I've recently acquired a Honda HSS1332A snow blower and promptly backed it into a wall and broke a steering lever. I got a replacement part and thought (since I've worked on my motorbikes for years) that I could simply replace the handle/perch assembly (it comes as a unit) and be back in business in no time....well, not so fast as it seems. I've not been able to see how to disassemble the cable from the perch and have taken my time because the entire assembly is made of plastic and I don't want to put too much pressure on the cable/perch end and make matters worse. I've checked the owners and shop manuals without any luck. Anybody have a clue how to do this....?




























Edit.. after looking at the way the cable attaches to the machine housing, I'm now thinking I need to take the cable loose there releasing the tension so I can remove the other end from the broken lever at the perch...this making more sense?


----------



## SnowG (Dec 5, 2014)

If you look inside the replacement part hole, do you see any clues as to how the cable attaches to the handle assembly?


----------



## hubilado (Jan 19, 2016)

SnowG said:


> If you look inside the hole, do you see any clues as to how the cable attaches to the handle assembly?


Yes, it's a typical baton end that one commonly sees with cables.

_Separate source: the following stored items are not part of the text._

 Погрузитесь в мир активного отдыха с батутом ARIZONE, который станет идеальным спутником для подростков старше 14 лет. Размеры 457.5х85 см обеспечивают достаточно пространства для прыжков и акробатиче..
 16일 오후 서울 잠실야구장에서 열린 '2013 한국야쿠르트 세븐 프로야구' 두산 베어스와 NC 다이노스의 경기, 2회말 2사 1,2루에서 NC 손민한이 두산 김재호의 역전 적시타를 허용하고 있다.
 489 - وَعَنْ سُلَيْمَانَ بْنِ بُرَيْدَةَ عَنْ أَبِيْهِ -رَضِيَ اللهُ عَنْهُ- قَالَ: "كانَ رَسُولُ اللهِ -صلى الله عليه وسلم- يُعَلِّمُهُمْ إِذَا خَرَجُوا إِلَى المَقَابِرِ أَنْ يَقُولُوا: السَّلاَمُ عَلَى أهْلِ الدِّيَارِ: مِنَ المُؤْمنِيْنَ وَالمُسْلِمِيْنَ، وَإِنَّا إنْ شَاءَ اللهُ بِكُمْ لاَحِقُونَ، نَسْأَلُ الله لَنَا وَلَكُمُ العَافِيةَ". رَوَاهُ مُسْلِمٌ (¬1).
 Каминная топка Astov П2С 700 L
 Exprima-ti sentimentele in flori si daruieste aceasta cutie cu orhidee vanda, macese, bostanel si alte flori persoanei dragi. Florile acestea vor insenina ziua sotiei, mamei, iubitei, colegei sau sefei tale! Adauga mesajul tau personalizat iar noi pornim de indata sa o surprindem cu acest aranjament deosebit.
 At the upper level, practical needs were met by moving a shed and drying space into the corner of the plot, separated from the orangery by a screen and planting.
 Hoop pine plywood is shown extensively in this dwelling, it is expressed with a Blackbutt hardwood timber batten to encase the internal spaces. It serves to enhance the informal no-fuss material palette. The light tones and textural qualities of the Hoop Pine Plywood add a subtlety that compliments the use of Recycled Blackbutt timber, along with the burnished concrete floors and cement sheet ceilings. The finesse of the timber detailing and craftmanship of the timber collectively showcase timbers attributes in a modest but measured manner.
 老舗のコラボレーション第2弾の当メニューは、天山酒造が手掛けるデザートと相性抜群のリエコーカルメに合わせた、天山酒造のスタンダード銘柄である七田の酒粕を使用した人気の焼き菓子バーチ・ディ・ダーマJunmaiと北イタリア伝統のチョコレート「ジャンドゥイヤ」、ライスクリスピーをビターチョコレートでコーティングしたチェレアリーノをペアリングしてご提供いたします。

The problem is that it's not possible to release the cable tension at the perch to remove the baton OR, at least, I've not been able to figure out how to without breaking the hub pictured above.

That's why I now suspect that I need to take the cable loose from the other end to relieve the tension.....but just not sure. 

I love Honda, but at least in my frame of reference this is strange.


----------



## [email protected] (Nov 21, 2011)

hubilado said:


> Edit.. after looking at the way the cable attaches to the machine housing, I'm now thinking I need to take the cable loose there releasing the tension so I can remove the other end from the broken lever at the perch...this making more sense?


I had a good discussion of this with our tech guy who's in the process of finalizing the shop manual. He's getting me some images/CAD art that will explain the details

The short version is to loosen the two lock nuts where the cable passes through the frame; there's a slot in the frame for the narrow, inner part of the cable to drop down, which will then allow enough slack in the outer jacket to let you disconnect the crimped ball at the lever end of the cable. 

Stand by, hope to have the images in a couple of hours.


----------



## hubilado (Jan 19, 2016)

THANK YOU Robert! I was kinda on that track, but greatly appreciate the help! Any chance I can get a hold of that Shop manual when it's finished? I don't live exactly at the end of the road in Northern New Mexico, but I can see it from here; there's no authorized Honda Snow Blower repair place near me.


----------



## [email protected] (Nov 21, 2011)

hubilado said:


> THANK YOU Robert! I was kinda on that track, but greatly appreciate the help! Any chance I can get a hold of that Shop manual when it's finished? I don't live exactly at the end of the road in Northern New Mexico, but I can see it from here; there's no authorized Honda Snow Blower repair place near me.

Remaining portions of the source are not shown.